How far along the continuum or the curve are we, moving from training to inference? In other words, when will inference dominate demand, rather than training now dominating demand? And when inference trends toward 100% demand how close are we to "technological singularity," and when might that occur? You’re really asking two different—but tightly linked—questions: 1. Where are we on the training → inference shift? 2. Does inference dominance = approaching “singularity”? They connect, but not in a straight line. Let’s unpack carefully. ⸻
1) Where we are right now (2026): Still training-heavy—but turning
Today’s frontier is still defined by training runs:
• OpenAI
• Google DeepMind
• Anthropic …are all still spending billions on:
• larger pretraining runs
• post-training (RLHF, synthetic data loops)
• multimodal expansion
But here’s the key shift: Inference demand is already exploding faster than training demand.
Think of it this way:
• Training = one massive event
• Inference = millions to billions of daily queries We are roughly here on the curve: ~60–70% training / 30–40% inference (by compute intensity at the frontier) BUT Inference is growing ~2–5x faster ⸻
2) Why inference inevitably dominates
This isn’t speculative—it’s structural.
A. Economics flips the equation
Training is:
• episodic
• capital intensive
• but infrequent Inference is:
• continuous
• usage-based
• tied to real-world adoption
Once AI is embedded everywhere: • every app call • every workflow • every agent loop → becomes inference demand ⸻
B. “Token explosion” effect As models get better:
• People use them more often
• Tasks get longer + more complex • Agents call models recursively
Result: Inference scales superlinearly with usefulness ⸻
C. Enterprise + agents = the inflection The real tipping point isn’t ChatGPT-style usage. It’s:
• autonomous agents
• enterprise workflows
• machine-to-machine AI calls That’s when: inference becomes invisible infrastructure ⸻
3) When does inference dominate?
Likely timeline (high-confidence directional view):
• 2023–2025 → Training dominates (we just lived this)
• 2026–2028 → Crossover phase
• ~2028–2030 → Inference clearly dominates (70%+ of compute) We’re probably early in the crossover right now. ⸻
4) What changes when inference dominates?
This is where your earlier point about business models becomes critical.
The winners shift:
Training era winners:
• NVIDIA (high-end GPUs)
• hyperscalers (capex scale)
• frontier labs
Inference era winners:
• Low-cost, high-efficiency silicon (ASICs, edge chips)
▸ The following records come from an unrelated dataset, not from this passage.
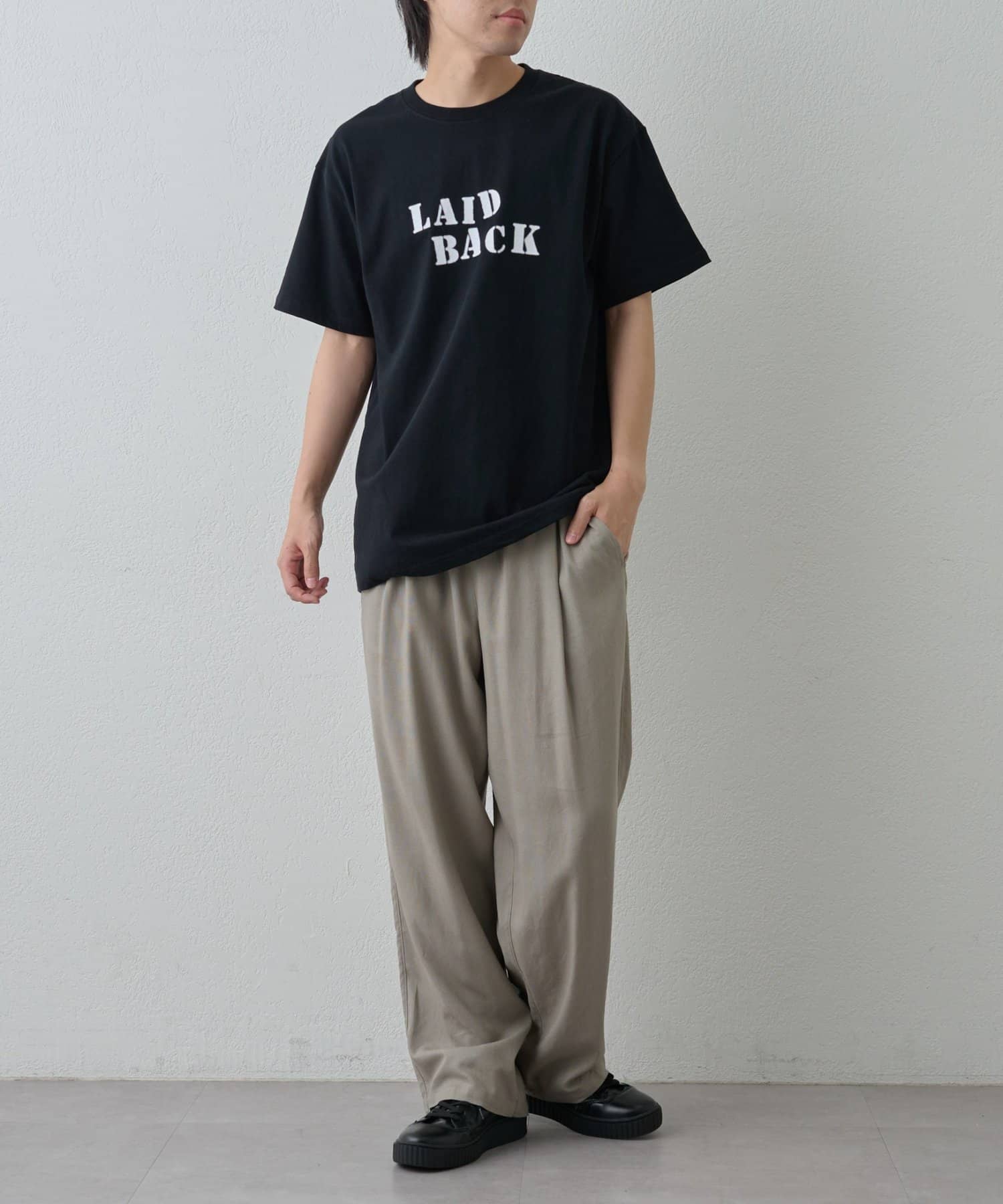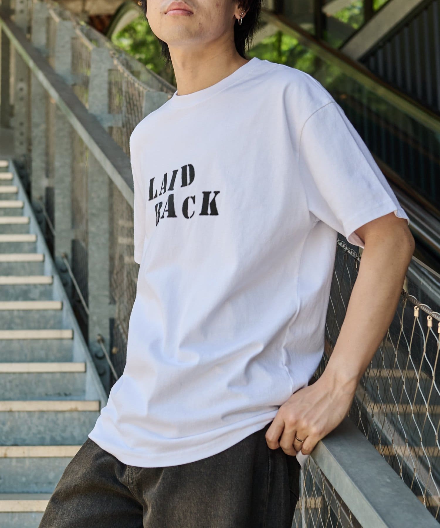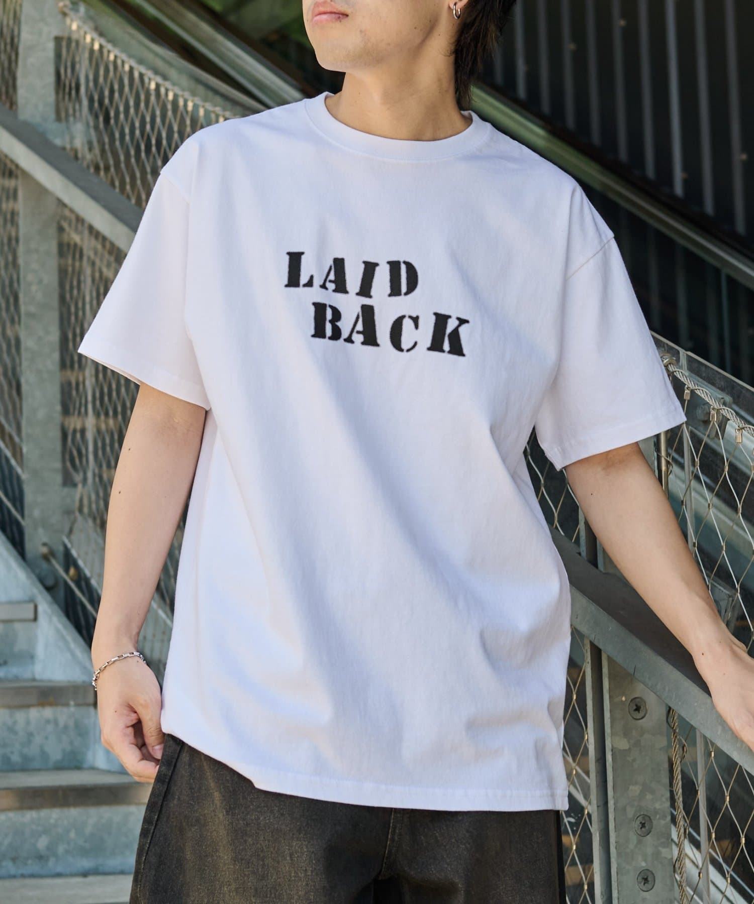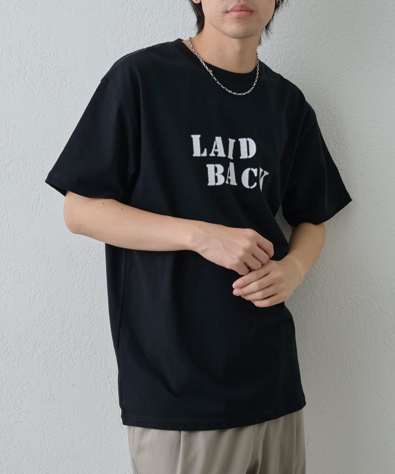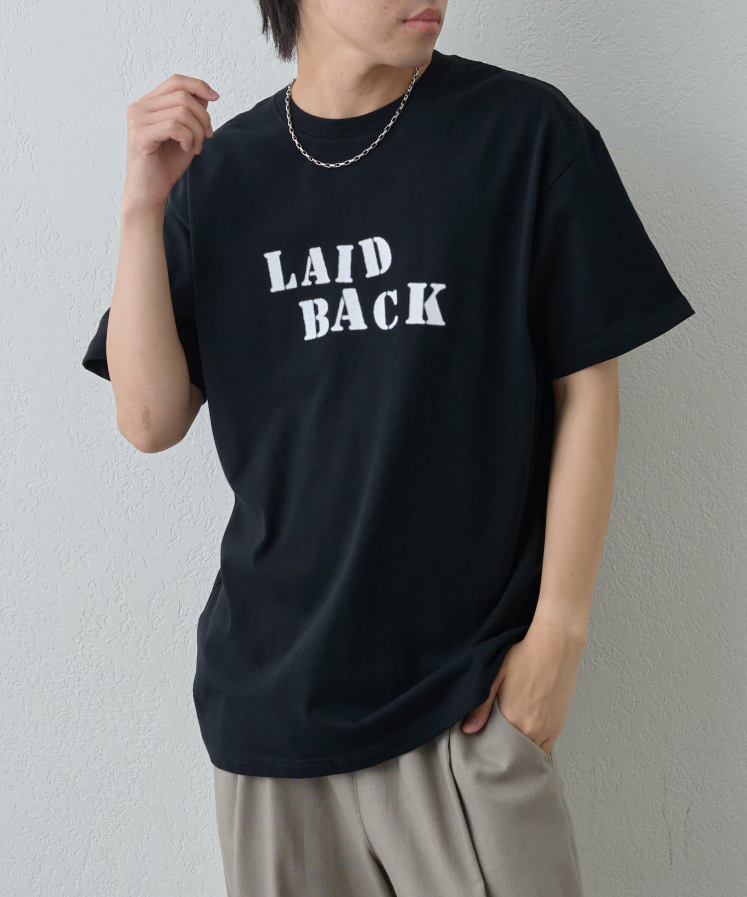 「LAID BACK」の文字はカスレた風合いにすることでヴィンテージのようなこなれ感をプラス。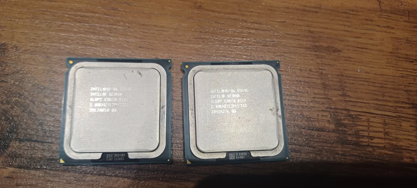 Selling a pair of used Intel Xeon E5405 series CPUs, each with 4 cores. These processors are socket 771 and are perfect for upgrading older server or workstation systems. They have been tested and are in good working condition.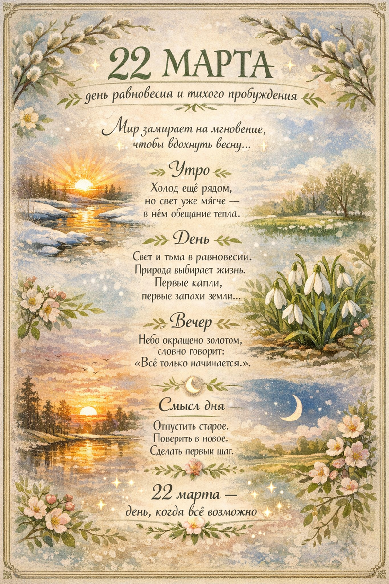 ИИ видит 22 марта как особую точку — почти равновесие между зимой и весной, когда мир словно замирает на мгновение и делает вдох.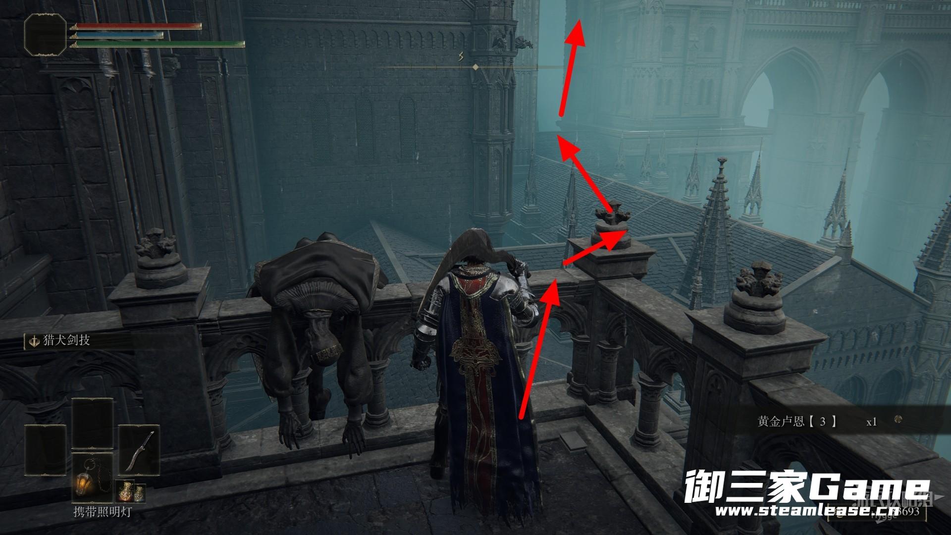 在三层平台左侧跳至下方后前进,在最前方左转。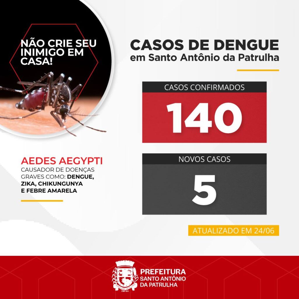 O município de Santo Antônio da Patrulha registra, até o momento, 140 casos de dengue, com o registro de 5 novos casos na última semana. Não há registros de óbitos pela doença.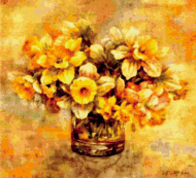 Ориентировочно так, схема вышивки «546446», созданная автором irenidanna, будет выглядеть при отшиве на канве. Размер данной вышивки равен 190x173 крестов, при этом используется 62 цветов. Ключевые слова, по которым можно найти эту схему: цветы. букет, нарциссы. Также, вы можете взглянуть на оригинальную картинку, соответствующую данной схеме вышивки.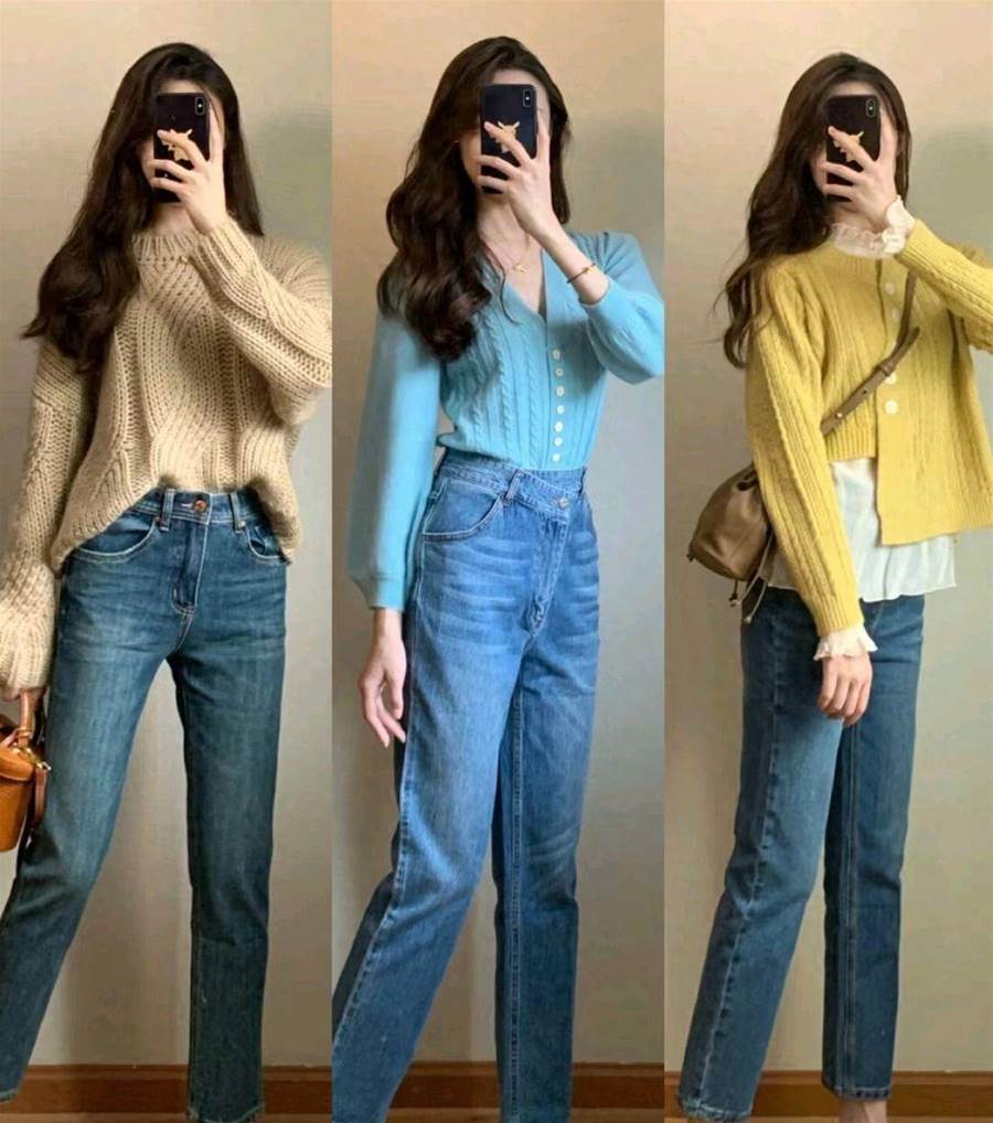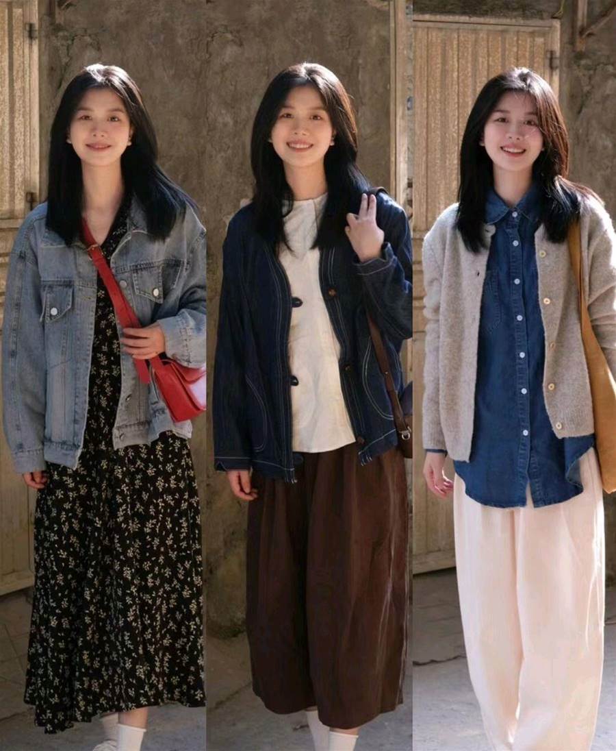 比如藏藍色的牛仔襯衫,顯白又帥氣,疊穿灰色的針織開衫,增加了一些沉穩優雅的味道,搭配白色的闊腿褲,整套的搭配看上去有種慵懶隨性的格調,又不失優雅的書卷氣,簡單干凈又很耐看。
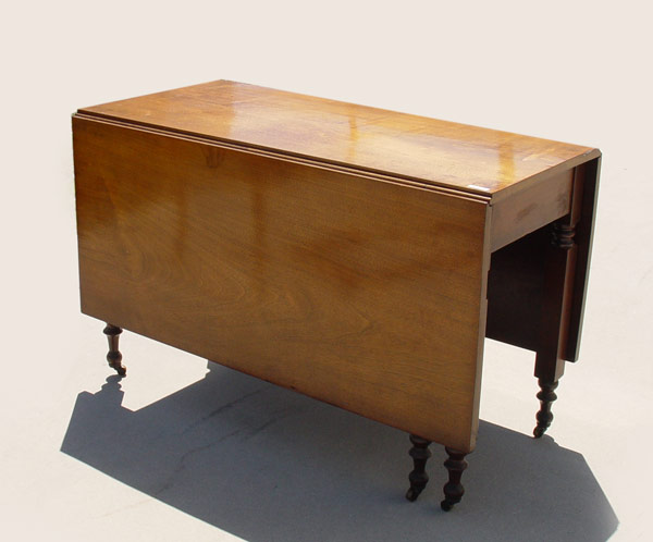 19th C WALNUT DROP LEAF TABLE: 28 1/2'' tall x 47'' x 21 1/2''. Each of the leaves are an additional 21'' to make the table 63'' length.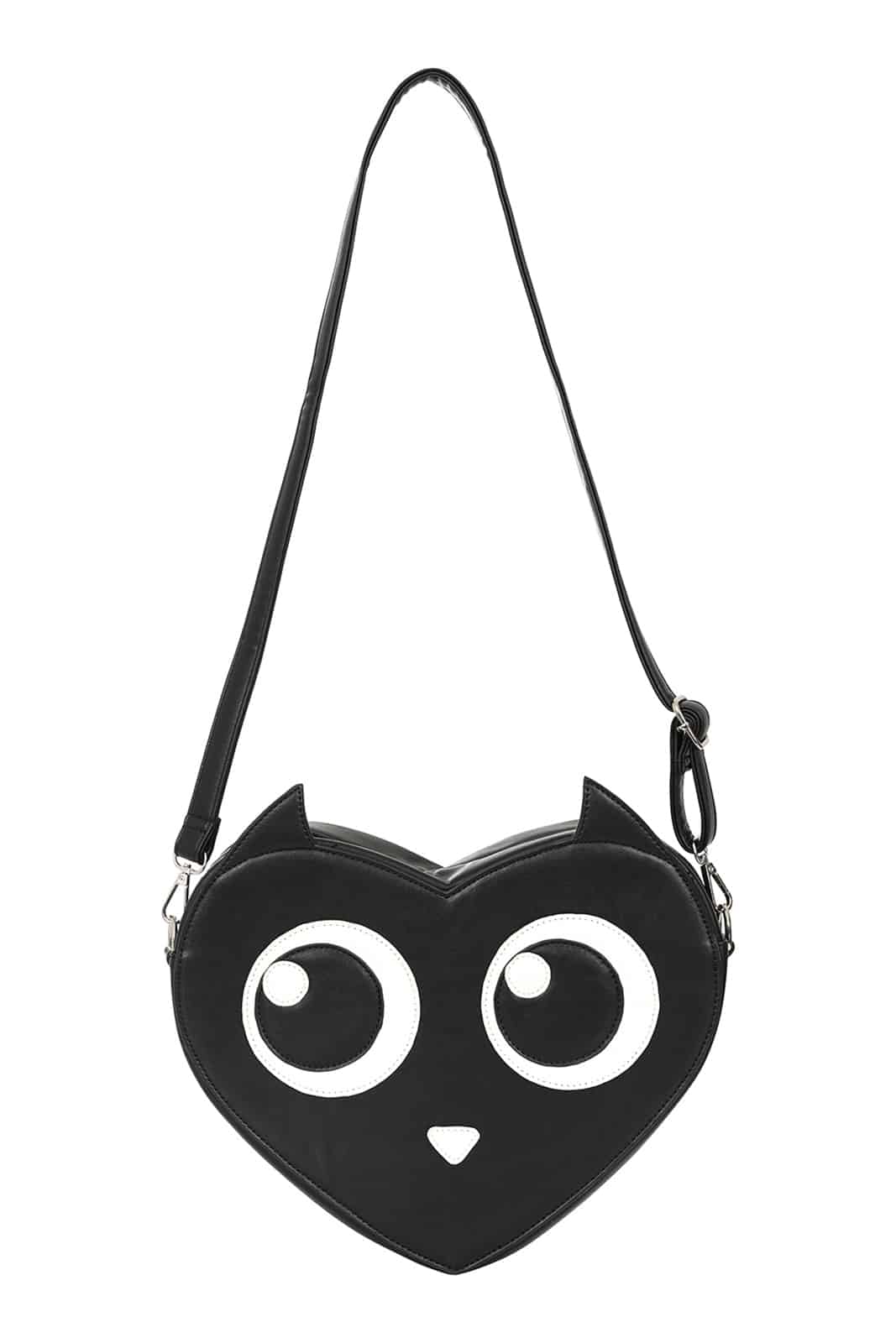 This shoulder bag from Banned enchants with its playful design. The heart-shaped bag features a cute cat face with large white eyes and a small nose – a perfect accessory for kawaii and gothic fans. The vegan faux leather gives it a high-quality look, while the adjustable shoulder strap makes it comfortable to carry. Functional and a real eye-catcher for everyday life.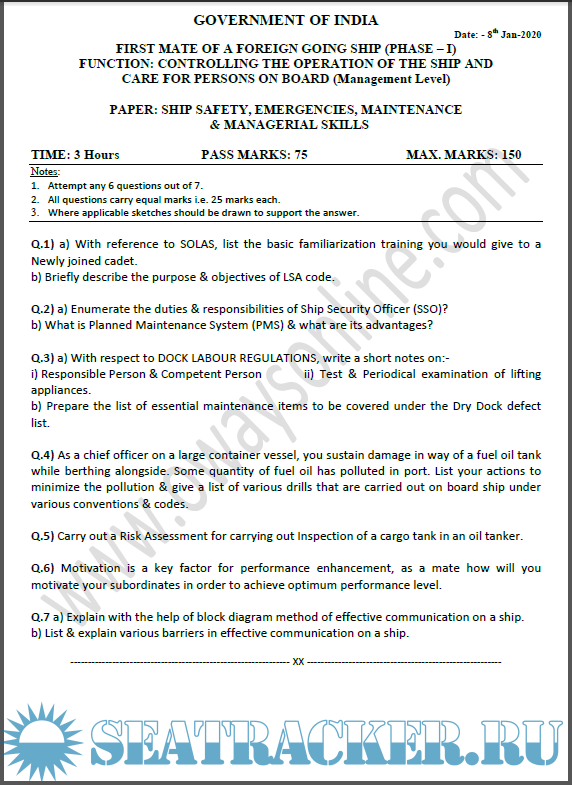 Question Paper Set for Phase I (Chief Mate F.G.) Mercantile Marine Department (MMD), India…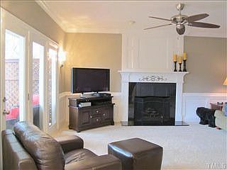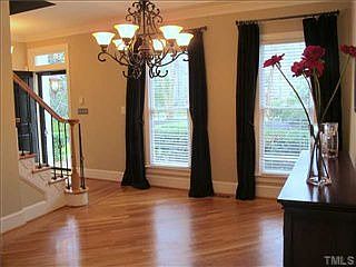 NorthRaleigh 2-story in Wyndham! Newly designed kitchen with granite countertops,stainless appliances, wine cooler,custom cabinets and freshly painted. Hardwoods Just Finished. Updated Lighting. Large family room with fireplace opens onto spacious private 2 level deck. Nine foot ceilings on first floor, back staircase to bonus room. Beautifully landscaped lot. Side entrance garage.

• vertically integrated ecosystems (again, Apple matters here)
• distributed compute networks
• possibly telecom + edge infrastructure players ⸻
Infrastructure changes:
• From: giant centralized clusters
• To: distributed + latency-sensitive systems
Inference pushes toward:
• edge compute
• regional micro data centers
• on-device AI ⸻
5) Now—the “singularity” question
Let’s be precise, because this term gets abused.
Technological Singularity = a point where:
• AI improves itself recursively • progress becomes uncontrollable / exponential ⸻
Critical insight: Inference dominance ≠ singularity They are related but not equivalent. ⸻
6) How they are connected
Inference dominance enables something important:
A. Continuous learning loops
When inference is everywhere:
• models observe the world in real time
• generate data constantly
• feed training pipelines continuously
This creates: quasi-continuous training systems ⸻
B. Agent-driven self-improvement
If agents:
• write code
• run experiments
• evaluate results
Then you start getting: partial recursive self-improvement ⸻
7) So how close are we?
Blunt answer: We are NOT close to singularity yet.
Even with rapid progress:
• Models still lack:
• true autonomy
• robust long-horizon reasoning
• reliable self-improvement loops ⸻
Realistic staging:
Stage 1 (now → ~2028)
• Inference dominates
• Agents proliferate
• AI everywhere, but still tool-like
Stage 2 (~2028–2035)
• Partial self-improving systems
• AI accelerates R&D meaningfully
• “soft takeoff” dynamics begin Stage 3 (uncertain, post-2035?)
• Possible rapid recursive improvement • This is where singularity debates become real ⸻
8) The deeper takeaway (this is the non-obvious part)
The real signal to watch is NOT:
• inference %
• model size
It’s: Does AI meaningfully accelerate its own improvement cycle? That’s the hinge. ⸻
9) Bringing it back to your original framing
Your LDC / infrastructure question becomes even more important:
• Training world → centralized, capex-heavy
• Inference world → distributed, usage-heavy
And the big question: Do hyperscalers still dominate inference? or Does inference fragment across edge + specialized providers? ⸻
Bottom line
• We are early in the shift from training → inference dominance (mid-innings, not late)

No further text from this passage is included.